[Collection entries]
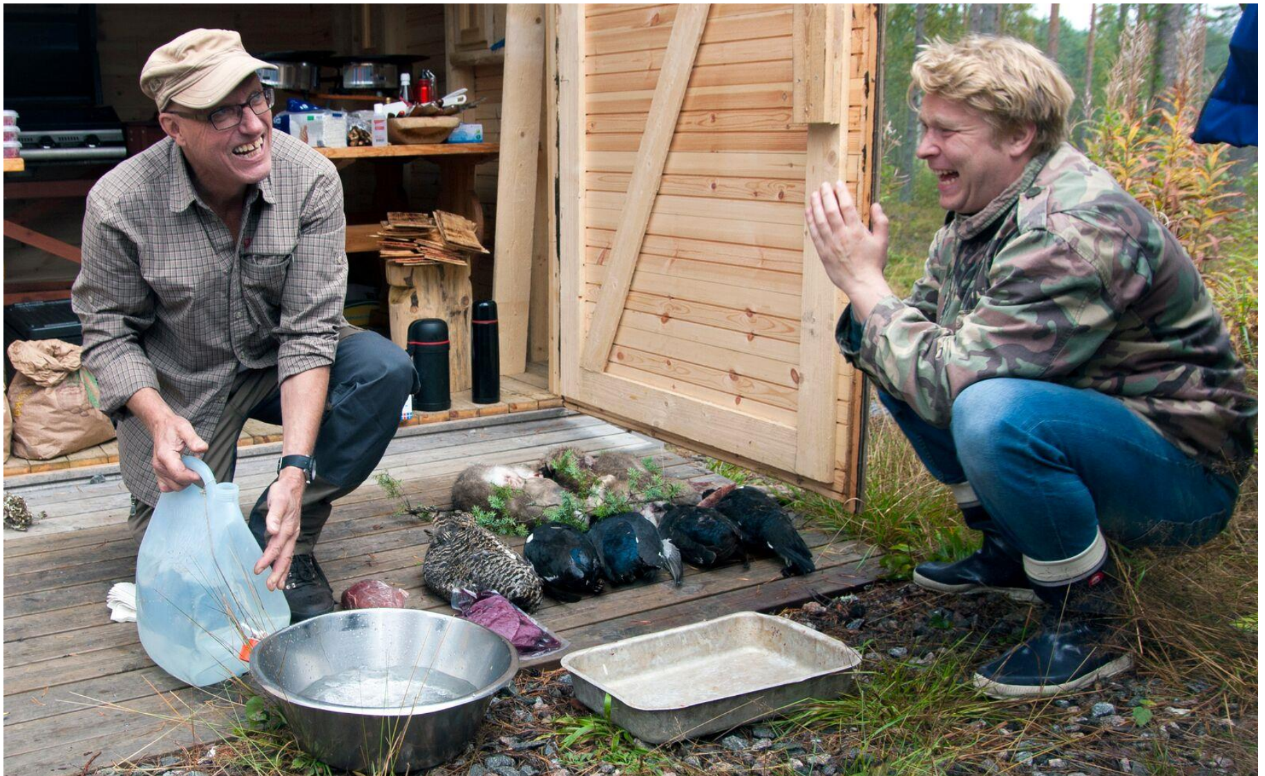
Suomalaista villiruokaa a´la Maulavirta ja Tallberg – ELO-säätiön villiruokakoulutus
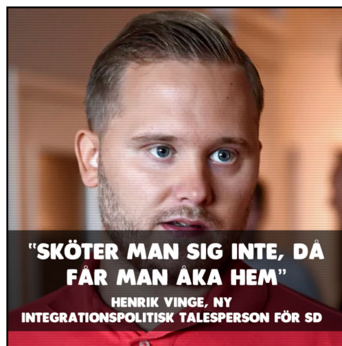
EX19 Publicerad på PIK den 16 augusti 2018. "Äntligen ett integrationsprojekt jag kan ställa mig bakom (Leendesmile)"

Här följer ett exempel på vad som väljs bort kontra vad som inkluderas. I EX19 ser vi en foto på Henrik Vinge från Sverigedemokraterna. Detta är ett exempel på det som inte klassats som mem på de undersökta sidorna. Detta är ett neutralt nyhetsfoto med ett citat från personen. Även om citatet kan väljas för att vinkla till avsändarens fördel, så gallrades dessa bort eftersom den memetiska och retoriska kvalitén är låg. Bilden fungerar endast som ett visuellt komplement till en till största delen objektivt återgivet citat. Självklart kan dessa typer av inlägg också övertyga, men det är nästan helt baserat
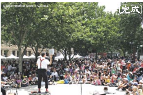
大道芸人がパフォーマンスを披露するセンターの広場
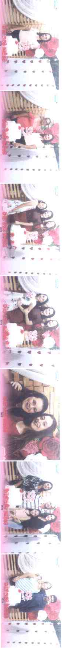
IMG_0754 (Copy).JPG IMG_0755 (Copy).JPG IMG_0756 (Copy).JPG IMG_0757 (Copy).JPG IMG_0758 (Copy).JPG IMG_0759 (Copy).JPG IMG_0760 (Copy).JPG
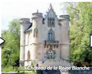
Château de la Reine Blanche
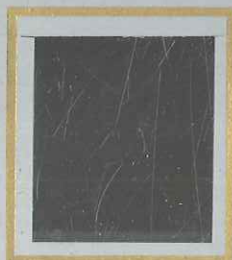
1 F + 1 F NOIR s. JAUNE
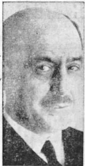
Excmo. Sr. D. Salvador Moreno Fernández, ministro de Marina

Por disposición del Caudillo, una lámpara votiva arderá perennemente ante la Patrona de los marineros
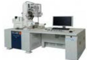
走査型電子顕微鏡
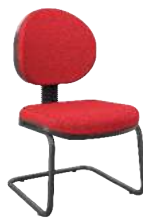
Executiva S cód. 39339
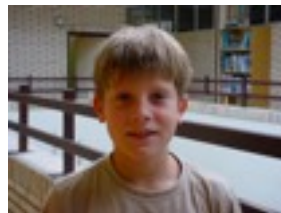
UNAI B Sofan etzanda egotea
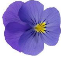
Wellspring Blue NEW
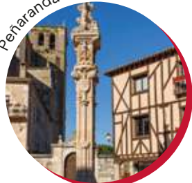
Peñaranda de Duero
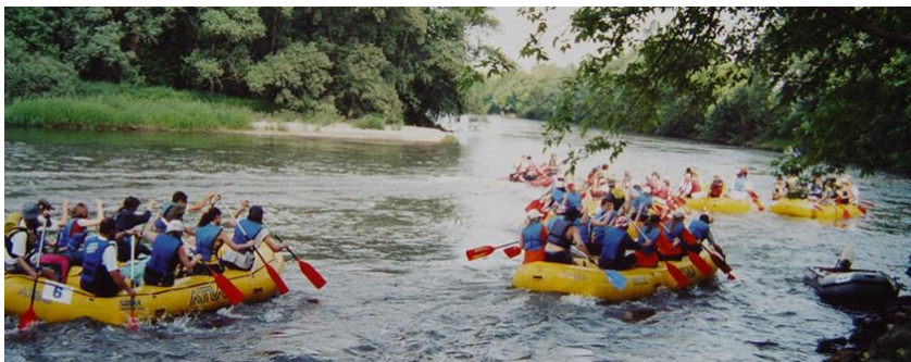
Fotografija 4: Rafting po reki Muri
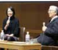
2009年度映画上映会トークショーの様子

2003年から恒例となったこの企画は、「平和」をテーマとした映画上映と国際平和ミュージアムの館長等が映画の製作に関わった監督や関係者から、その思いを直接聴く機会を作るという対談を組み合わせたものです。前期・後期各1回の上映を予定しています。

[ACTION ITEM]
Every entry above needs to be copied exactly, and no pictures go with it.

[WRITTEN RESPONSE]
Suomalaista villiruokaa a´la Maulavirta ja Tallberg – ELO-säätiön villiruokakoulutus
EX19 Publicerad på PIK den 16 augusti 2018. "Äntligen ett integrationsprojekt jag kan ställa mig bakom (Leendesmile)"

Här följer ett exempel på vad som väljs bort kontra vad som inkluderas. I EX19 ser vi en foto på Henrik Vinge från Sverigedemokraterna. Detta är ett exempel på det som inte klassats som mem på de undersökta sidorna. Detta är ett neutralt nyhetsfoto med ett citat från personen. Även om citatet kan väljas för att vinkla till avsändarens fördel, så gallrades dessa bort eftersom den memetiska och retoriska kvalitén är låg. Bilden fungerar endast som ett visuellt komplement till en till största delen objektivt återgivet citat. Självklart kan dessa typer av inlägg också övertyga, men det är nästan helt baserat
大道芸人がパフォーマンスを披露するセンターの広場
IMG_0754 (Copy).JPG IMG_0755 (Copy).JPG IMG_0756 (Copy).JPG IMG_0757 (Copy).JPG IMG_0758 (Copy).JPG IMG_0759 (Copy).JPG IMG_0760 (Copy).JPG
Château de la Reine Blanche
1 F + 1 F NOIR s. JAUNE
Excmo. Sr. D. Salvador Moreno Fernández, ministro de Marina

Por disposición del Caudillo, una lámpara votiva arderá perennemente ante la Patrona de los marineros
走査型電子顕微鏡
Executiva S cód. 39339
UNAI B Sofan etzanda egotea
Wellspring Blue NEW
Peñaranda de Duero
Fotografija 4: Rafting po reki Muri
2009年度映画上映会トークショーの様子

2003年から恒例となったこの企画は、「平和」をテーマとした映画上映と国際平和ミュージアムの館長等が映画の製作に関わった監督や関係者から、その思いを直接聴く機会を作るという対談を組み合わせたものです。前期・後期各1回の上映を予定しています。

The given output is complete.